Focus : Westward, Ho! : NEW DOCUMENTARY, ‘THE WILD WEST,’ FOLLOWS SUCCESSFUL BLUEPRINT USED FOR ‘THE CIVIL WAR’
The Old West has spawned so many legends and myths, the truth has often been lost in the shuffle. A new 10-hour documentary, “The Wild West,” attempts to tell how the West was really won.
“The Wild West” premieres Monday on the commercial Prime Time Entertainment Network, a conglomerate of independent TV stations, including KCOP, around the country that are owned by Chris-Craft Industries.
Like “The Civil War,” Ken Burns’ acclaimed 1990 PBS documentary series, “The Wild West” features vintage photographs from the period, excerpts from diaries and letters read by well-known actors, interviews with historians and music from the era. Jack Lemmon is the narrator.
Dick Robertson, president of Warner Bros. Domestic Television Distribution, which is distributing the series, says the success of “The Civil War” and ABC’s recent four-hour documentary “Lincoln “ proved that the public can find documentaries appealing.

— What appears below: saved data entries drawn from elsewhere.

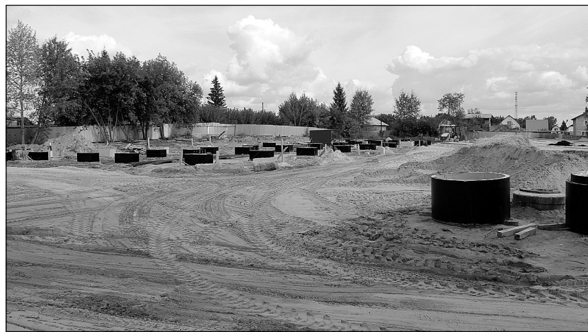
На этом месте к концу года вырастет здание новой поликлиники.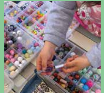
ビーズで作るオリジナル ボールペン【800円】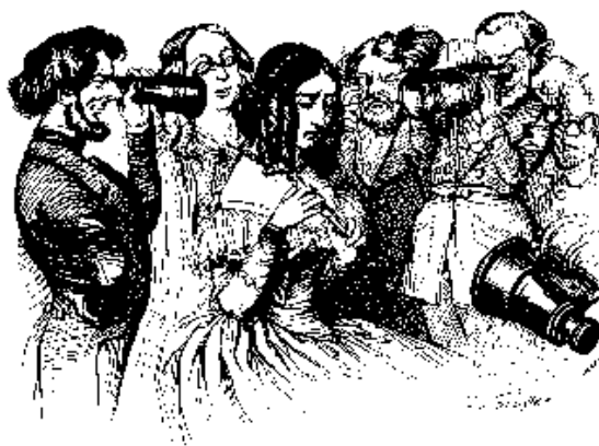
L'illustrazione del testo di Hoffmann è di Paul Gavarni (1804-1866) http://www.has.vcu.edu/for/hoffmann/sand_pics.html

Divenuto ormai studente, Nathaniel crede di riconoscere la figura spaventevole della sua infanzia in un ottico ambulante italiano, Giuseppe Coppola, che nella città universitaria gli offre in vendita degli occhiali da sole e, al suo rifiuto, ribatte: «Ah, niente occhiali, niente occhiali! ... ho anche begli occhi, begli occhi!». Il raccapriccio dello studente si placa allorché gli “occhi” che l'ottico gli offre si rivelano innocui occhiali da vista. Egli compra da Coppola un cannocchiale tascabile e con questo comincia a scrutare nella casa di fronte, dove abita il professor Spalanzani e in cui scorge la bella figlia di costui, Olimpia, misteriosamente laconica e immobile. Ben presto se ne innamora così ardentemente da dimenticare la sua saggia e prosaica fidanzata [Clara]. Ma Olimpia è un automa nel quale Spalanzani ha inserito il meccanismo e Coppola – il mago sabbiolino – gli occhi. Lo studente arriva mentre i due stanno litigando per la loro opera. L'ottico è riuscito a impossessarsi della bambola di legno priva degli occhi, e il meccanico, Spalanzani, getta sul petto di Nathaniel gli occhi sanguinanti di Olimpia che giacevano al suolo, e dice che Coppola li ha rubati a lui, Nathaniel. Costui viene colto da un nuovo attacco di follia [...].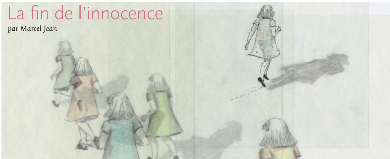
Office national du film du Canada

Dans son premier film, Marie-Hélène Turcotte parvient à approcher – à saisir même – ce moment où l'insouciance du temps des jeux laisse place à la conscience du corps, le sien propre comme celui des autres. De façon intuitive et lyrique, privilégiant l'évocation à la narration, la jeune cinéaste réussit le tour de force de doter son film d'assises tangibles – physiques, spatiales – qui agissent comme des passerelles pour l'émotion, celle-ci étant étonnamment dense s'agissant d'un dessin animé dont la logique du récit, allégorique, n'est soumise ni à la représentation réaliste, ni à la psychologie classique.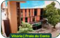
Vitória | Praia do Canto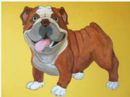
Diese und andere Motive verschönern das Tierheim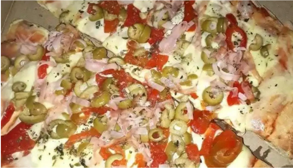
Pizzeria fratelli san jose de mayo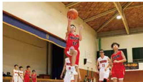
男子バスケットボール部

◎中学・高校合同部活動…吹奏楽部・インターアクト部・ロボット部・柔道部・水泳部・新体操部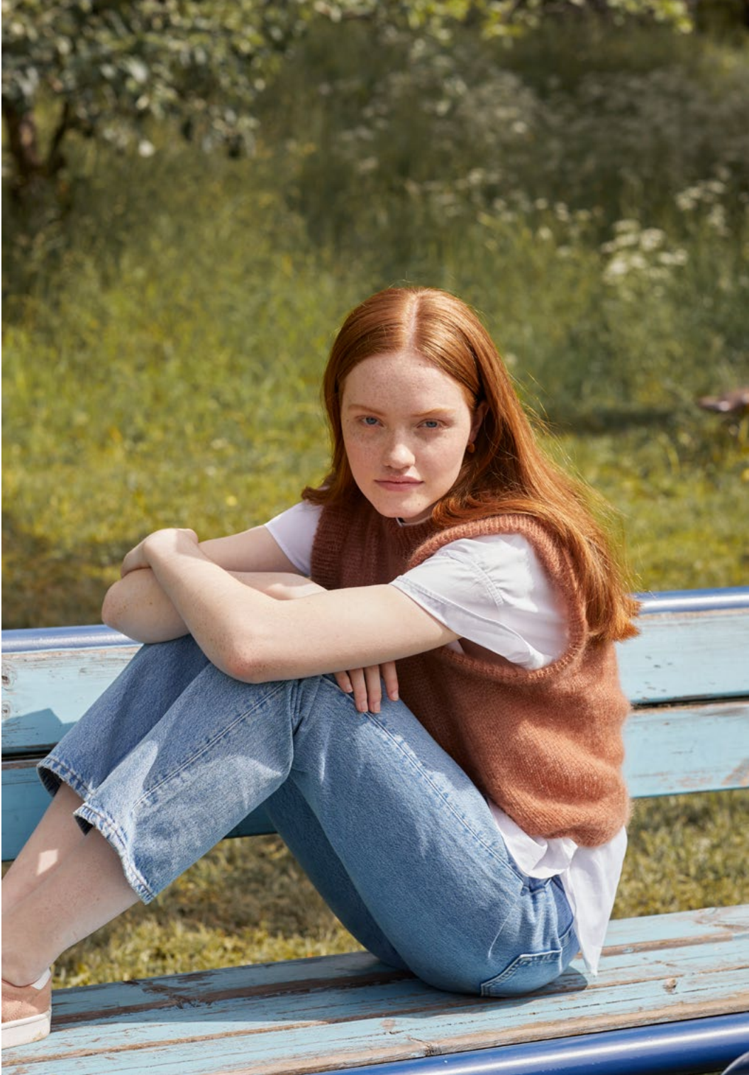
3 Sofiavest Plum brun 033

“There’s a recipe for success by taking the actual words people wrote during that period of time, and then re-creating them through the voices of famous actors over original photographs,” Robertson says. “What that does, it connects you in an emotional way to this history, rather than being sort of preached to and lectured to. It is regular everyday people and the lives that they lived.”
Putting together the documentary series was a vast undertaking for its producers. Given a timetable of 14 months in which to complete the project, executive producer Doug Netter (“The Sacketts”) and producer John Copland decided to narrow their focus to the 30-year period after the Civil War. Because they were novices in the documentary field, they brought in co-producer Jamie Smith, a 15-year veteran.
“Assisting Jamie were four full-time researchers,” Netter says. “We divided all the museums and historical societies into four sections. We simultaneously put in a new visual data base which could receive photographs in the data base and catalogue them. There are over 12,000 photographs in that data base.”
More than 3,500 photographs were used in the documentary, which is divided into such topics as “Cowboys,” “Settlers,” “Gunfighters,” “Indians” and “Soldiers.”
“ ‘The Civil War’ used 1,200 images for all of their 10 hours,” Copland says. “They repeated a lot of images. Soldiers look like soldiers, but in dealing with 30 years of history, we knew we were going to be a lot broader.”
In order to personalize the stories, Netter says, “we tried to access as many of the letters, diaries, anything of the written word, that we could find so we could attempt in every instance to personalize the story.”
Netter didn’t want to take the romance out the West: “I love all of those John Wayne movies. But at the same time, we tried to separate fact from fiction.”
“The Wild West” airs Monday-Thursday at 8 p.m. and March 28 at 8 p.m. on KCOP; weekdays through April 3 at 12:30 a.m. on XETV.